Толпа рабочих двинулась на Бальриха и стала оттеснять его к проселку, где во время факельного шествия стояла машина главного директора. Яунер был тоже тут, он напирал изо всех сил. Они швырнули отверженного об стену и, отбежав, вооружились камнями. Фанатик Гербесдерфер и шпик Яунер потянулись за одним и тем же камнем. Бальрих молча ждал. Но, когда они уже замахнулись, Польстер и Динкль схватили их за руки.
Бальрих снова подошел к ним с той решительностью, какую они привыкли видеть в нем.
— Даже сейчас я с вами, хоть вы и отреклись от своих прав и покинули меня.
— Какие там права, когда наши дети голодают!
Польстер стоял перед ним, широко расставив ноги. С присущим ему благоразумием он облек все эти беспорядочные крики в нужные слова:
— Ты, Бальрих, смотришь на все уже не так, как мы. Ты получил кое-какие знания, вот тебе и горя мало. Прешь напролом к своей идее, а мы ради нее должны голодать.
— Неправда! — воскликнул Бальрих.
— Если б ты хоть одному из нас помог сейчас, мы бы уважали тебя больше, чем если бы ты всем нам дал богатство через двадцать лет.
— Верно! — подхватили остальные. — Бери что дают!
Тут и Бальрих сказал:
— Да, это верно! — И в подкрепление своих слов пошел с ними выпить.
Выйдя первым из закусочной, он столкнулся с Наполеоном Фишером. Тот напустил на себя, как обычно, многозначительный вид человека, умудренного житейским опытом.
— Что, доигрались? — заметил он. — Теперь мне приходится все исправлять, а во всем виноваты вы, молодое дарование…
Он осклабился, а Бальрих опять увидел Фишера на трибуне: вот он деловито пыхтит, а в душе у него лед, и он ни во что не верит.
— Вам тоже как будто пришлось кое-что пережить за эту зиму? — спросил депутат, с притворным участием поглядывая на Бальриха.
Бальрих кивнул. Как будто! Значит, все, что он пережил, в порядке вещей, — сознание своей миссии, измена, отчаяние, увольнение; и ему остается только покориться, сказав себе: «Живи для себя, только ради собственного благополучия, серенький ты человек!..» Все существо его вдруг восстало.
— А вы лгун! Обманываете нас, бедных, пустыми обещаниями! Все ваше дело — предательство! Иначе вы бы сказали: «Не верьте ничему, а действуйте!»
— Но тогда я не был бы сознательным социал-демократом, — спокойно возразил Наполеон Фишер, — а каким-то анархистом.

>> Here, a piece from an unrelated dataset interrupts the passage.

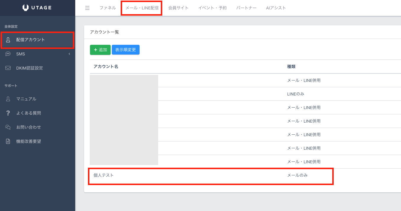 1.上メニュー【メール・LINE配信】をクリックし、アカウント一覧から配信アカウントを選択します。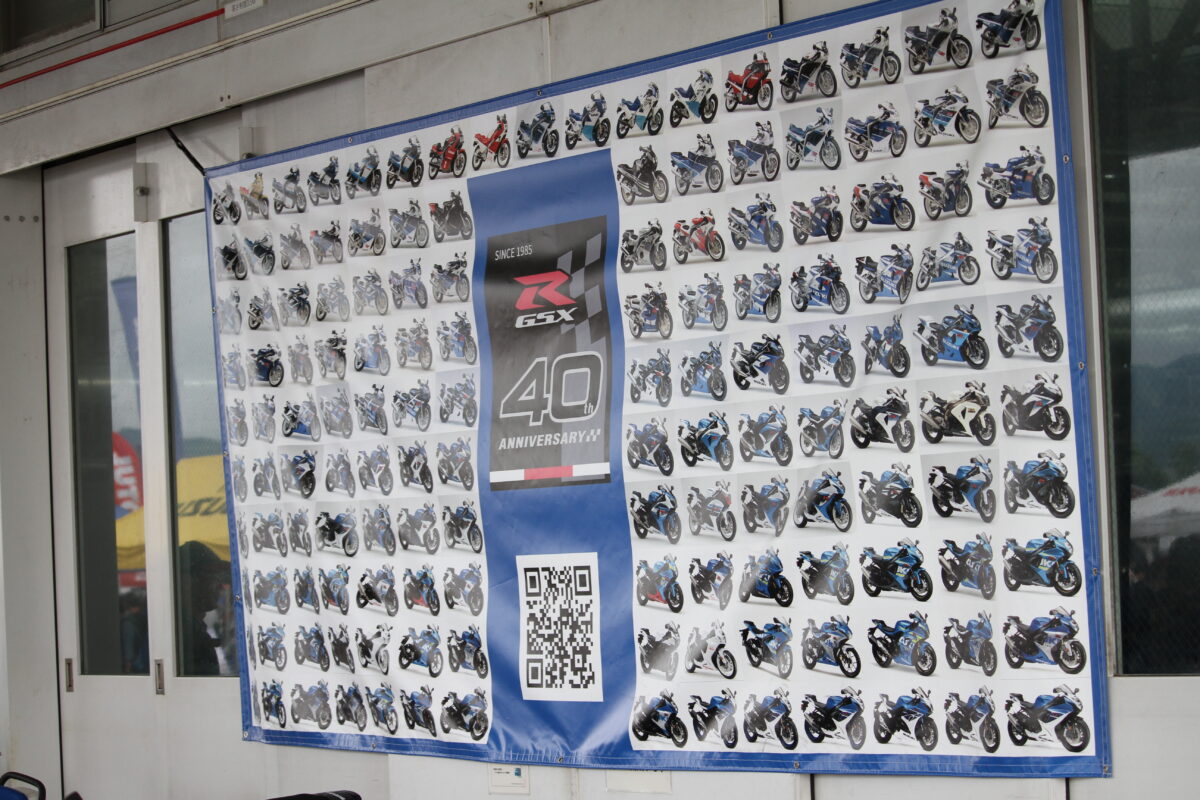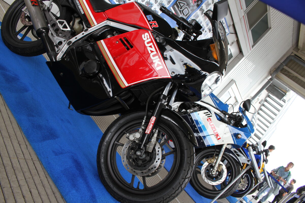 会場では、GSX-Rシリーズ誕生40周年(※)を記念した特別展示やトークショーが行われ、歴代モデルから最新型までが一堂に会しました。

— Анархист — это я! — сказал Бальрих.
VII. Ultima Ratio[10]
Перед огромной рабочей казармой неистово орали дети; они отчаянно бегали, возились, дрались; но теперь уже не барабанили в забор виллы Клинкорума, ибо доски были опутаны колючей проволокой. Отработавшие свое старики, стоя у стены, грелись в лучах предвесеннего солнца. Но тени постепенно удлинялись, уходили старики и дети, возвращались с фабрики те, кто еще мог работать; только Бальрих бродил по сырым дорожкам сада, останавливался, задумывался, к чему-то прислушивался. Малли и Тильда жаловались на свою судьбу в подвальной квартире и сердились на детей, когда те своим смехом заглушали их разговор. Старик Геллерт веселился заодно с малышами и заливался старческим смехом.
Но вот Бальрих высунул голову из-за куста; на дорожке показался Горст Геслинг. Без монокля, тупо глядя перед собой, шел он неуверенной походкой, словно запинаясь на каждом шагу от смущения. Минута была подходящая! Бальрих бесшумно шагнул вперед и неожиданно вырос перед ним.

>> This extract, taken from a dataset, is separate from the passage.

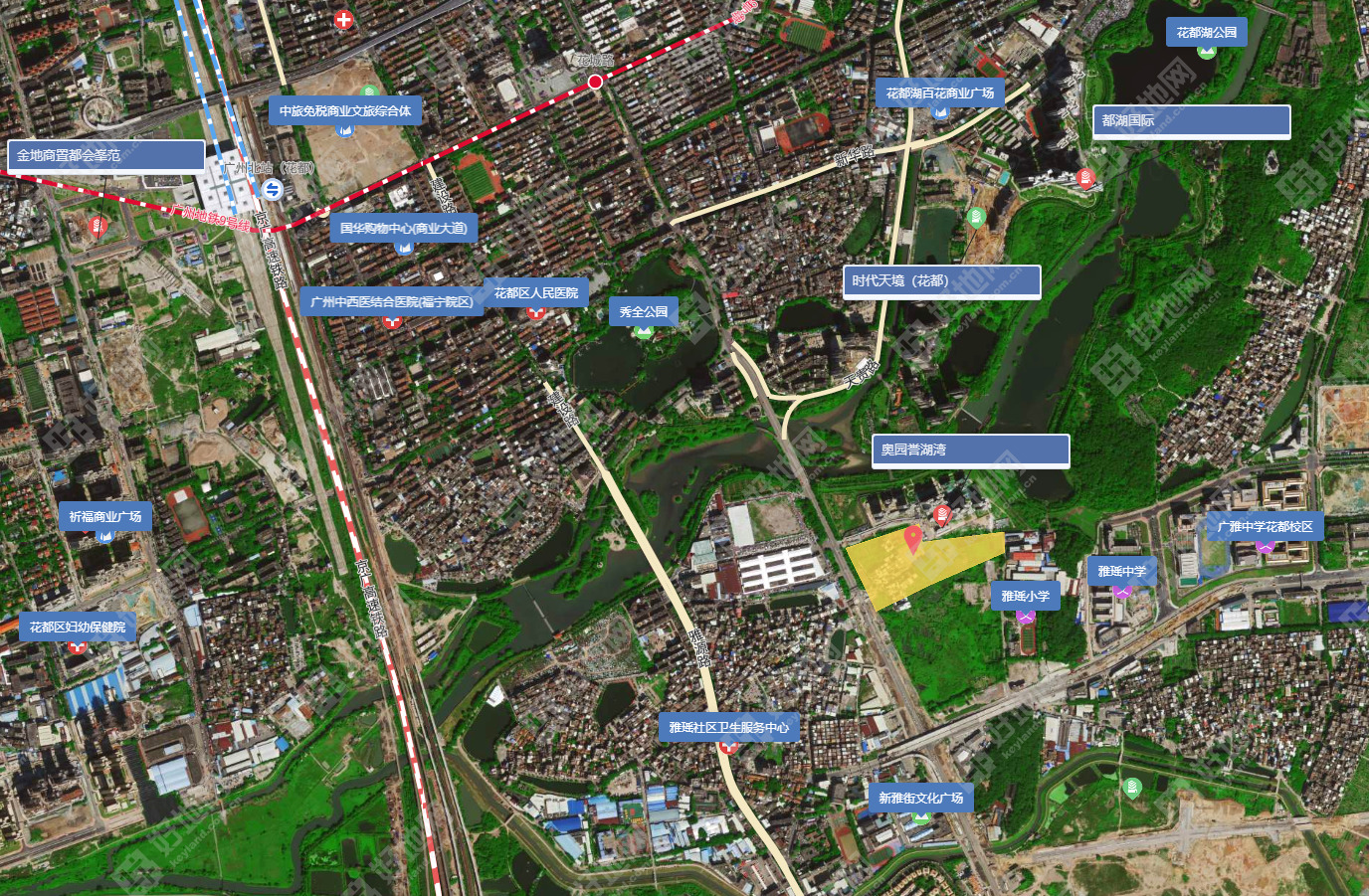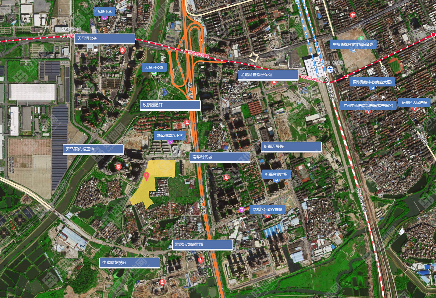 点评:地块位于花都空铁融合示范区广州北站板块,东至许广高速,北接望亭路,西临天马河,南邻工业大道,与新华街第九小学仅一路之隔,周边分布有天马丽苑、南华时代城等成熟社区。

— Вы меня ждали, — сказал он хрипло, — рано или поздно! И вот я здесь, и требую: женитесь на моей сестре!
Горст Геслинг вяло усмехнулся, как бы говоря: «Вот еще не было заботы!», затем собрался с силами, даже вставил монокль и заявил:
— Смешно! Она сама, кажется, прежде всего должна была об этом подумать!
— Или вы! — отрезал Бальрих. — Ведь виноваты вы, — продолжал он, не давая себя прервать. — Только вы! Хотя она и не была невинной: богатый не может требовать невинности. Но что бы с ней ни случилось и что бы из нее ни вышло, за все ответите вы, потому что вас… — Он поднес судорожно сжатые кулаки к самому лицу Горста. — Вас она любит.
Горст Геслинг отшатнулся.
— Вы невменяемы! — воскликнул он и уже вознамерился бежать, но Бальрих подскочил к нему, схватил за плечи и повернул лицом к себе. Горст Геслинг побагровел и оттолкнул противника.

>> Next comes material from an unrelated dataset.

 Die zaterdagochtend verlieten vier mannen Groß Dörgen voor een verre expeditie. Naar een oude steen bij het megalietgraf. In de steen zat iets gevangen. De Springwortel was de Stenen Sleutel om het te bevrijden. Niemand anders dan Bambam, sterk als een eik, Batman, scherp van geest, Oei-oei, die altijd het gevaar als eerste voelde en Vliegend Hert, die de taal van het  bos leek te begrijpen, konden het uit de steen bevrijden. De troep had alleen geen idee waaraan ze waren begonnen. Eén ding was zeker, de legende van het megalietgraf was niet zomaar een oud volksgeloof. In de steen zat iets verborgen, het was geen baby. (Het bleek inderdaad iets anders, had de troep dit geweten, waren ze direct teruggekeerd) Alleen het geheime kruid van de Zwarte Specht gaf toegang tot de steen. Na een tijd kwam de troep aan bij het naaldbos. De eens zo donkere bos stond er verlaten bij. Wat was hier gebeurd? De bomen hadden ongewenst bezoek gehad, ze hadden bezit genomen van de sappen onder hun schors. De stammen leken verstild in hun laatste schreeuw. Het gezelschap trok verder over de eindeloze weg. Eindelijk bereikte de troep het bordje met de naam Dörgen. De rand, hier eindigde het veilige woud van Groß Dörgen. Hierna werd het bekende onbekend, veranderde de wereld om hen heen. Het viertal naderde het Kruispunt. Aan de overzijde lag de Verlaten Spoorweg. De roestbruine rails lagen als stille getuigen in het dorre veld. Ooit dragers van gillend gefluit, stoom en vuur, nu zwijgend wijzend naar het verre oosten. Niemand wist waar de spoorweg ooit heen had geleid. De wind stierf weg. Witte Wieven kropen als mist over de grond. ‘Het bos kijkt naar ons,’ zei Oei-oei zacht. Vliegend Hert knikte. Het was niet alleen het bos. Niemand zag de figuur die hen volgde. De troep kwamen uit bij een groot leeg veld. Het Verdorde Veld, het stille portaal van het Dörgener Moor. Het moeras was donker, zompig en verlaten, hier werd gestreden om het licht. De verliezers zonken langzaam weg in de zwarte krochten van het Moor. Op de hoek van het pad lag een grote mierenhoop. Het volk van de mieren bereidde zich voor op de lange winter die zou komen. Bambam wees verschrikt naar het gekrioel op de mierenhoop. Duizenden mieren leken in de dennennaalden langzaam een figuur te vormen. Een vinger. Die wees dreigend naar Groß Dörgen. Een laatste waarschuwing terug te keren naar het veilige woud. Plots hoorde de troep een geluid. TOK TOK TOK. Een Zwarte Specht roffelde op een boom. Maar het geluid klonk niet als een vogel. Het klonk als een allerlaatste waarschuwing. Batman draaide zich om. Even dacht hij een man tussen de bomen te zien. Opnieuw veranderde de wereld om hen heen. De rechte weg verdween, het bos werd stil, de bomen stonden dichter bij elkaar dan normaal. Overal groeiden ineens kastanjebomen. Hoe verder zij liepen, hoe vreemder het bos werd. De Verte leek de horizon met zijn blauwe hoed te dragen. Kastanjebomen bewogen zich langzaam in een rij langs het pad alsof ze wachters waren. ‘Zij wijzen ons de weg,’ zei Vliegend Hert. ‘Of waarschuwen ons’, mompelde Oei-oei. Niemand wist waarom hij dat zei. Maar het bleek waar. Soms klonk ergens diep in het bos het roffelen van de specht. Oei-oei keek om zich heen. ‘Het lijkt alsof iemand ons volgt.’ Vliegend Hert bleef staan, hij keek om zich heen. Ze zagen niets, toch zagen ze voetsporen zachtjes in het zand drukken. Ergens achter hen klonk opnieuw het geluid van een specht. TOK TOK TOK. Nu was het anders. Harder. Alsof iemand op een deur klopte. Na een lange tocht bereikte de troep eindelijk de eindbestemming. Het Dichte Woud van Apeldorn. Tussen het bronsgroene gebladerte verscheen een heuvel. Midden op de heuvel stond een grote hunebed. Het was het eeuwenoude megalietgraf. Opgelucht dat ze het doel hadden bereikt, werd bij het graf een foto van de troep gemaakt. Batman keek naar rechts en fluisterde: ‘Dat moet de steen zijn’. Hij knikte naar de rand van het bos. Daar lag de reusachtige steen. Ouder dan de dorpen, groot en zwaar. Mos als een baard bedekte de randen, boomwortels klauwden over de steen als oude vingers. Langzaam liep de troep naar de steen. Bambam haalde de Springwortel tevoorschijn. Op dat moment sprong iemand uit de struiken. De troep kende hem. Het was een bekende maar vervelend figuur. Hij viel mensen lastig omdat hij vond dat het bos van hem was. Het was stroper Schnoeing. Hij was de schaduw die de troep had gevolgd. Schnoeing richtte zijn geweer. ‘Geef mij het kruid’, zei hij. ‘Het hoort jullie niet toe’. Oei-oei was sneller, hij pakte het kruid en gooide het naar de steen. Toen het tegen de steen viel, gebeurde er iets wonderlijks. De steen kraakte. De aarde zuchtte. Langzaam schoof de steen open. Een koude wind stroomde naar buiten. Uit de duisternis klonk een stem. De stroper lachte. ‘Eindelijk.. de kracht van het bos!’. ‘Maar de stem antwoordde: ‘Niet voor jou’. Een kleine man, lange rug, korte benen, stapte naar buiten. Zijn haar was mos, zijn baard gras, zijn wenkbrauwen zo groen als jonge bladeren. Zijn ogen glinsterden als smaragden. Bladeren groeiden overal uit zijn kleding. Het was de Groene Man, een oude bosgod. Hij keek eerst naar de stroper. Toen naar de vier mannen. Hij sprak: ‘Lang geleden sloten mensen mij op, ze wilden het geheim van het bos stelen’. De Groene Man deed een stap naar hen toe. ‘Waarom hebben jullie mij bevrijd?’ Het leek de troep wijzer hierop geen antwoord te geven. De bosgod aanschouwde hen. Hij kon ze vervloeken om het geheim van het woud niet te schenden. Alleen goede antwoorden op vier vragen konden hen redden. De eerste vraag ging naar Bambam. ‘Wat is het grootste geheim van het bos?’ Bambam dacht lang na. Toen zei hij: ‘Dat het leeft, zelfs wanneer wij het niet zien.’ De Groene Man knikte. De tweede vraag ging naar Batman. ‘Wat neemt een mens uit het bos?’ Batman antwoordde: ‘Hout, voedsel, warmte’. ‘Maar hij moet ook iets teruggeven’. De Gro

— Внимание! Вот шпага. — И он вытащил ее из своей трости. — Я вынужден прибегнуть к самозащите.
— Негодяй! — сказал Бальрих. — Трус! — И с бранью начал отступать перед натиском врага — дальше, все дальше, до самого забора. И вот удар, но шпага, звякнув, упала, а Горст напрасно старается вырвать руки, стиснутые противником.
— Хватит! — сказал Бальрих. — Не вздумайте толкнуть меня на колючую проволку! Кто вынужден теперь прибегнуть к самозащите? Если я напорюсь затылком на колючки, я получу право убить вас.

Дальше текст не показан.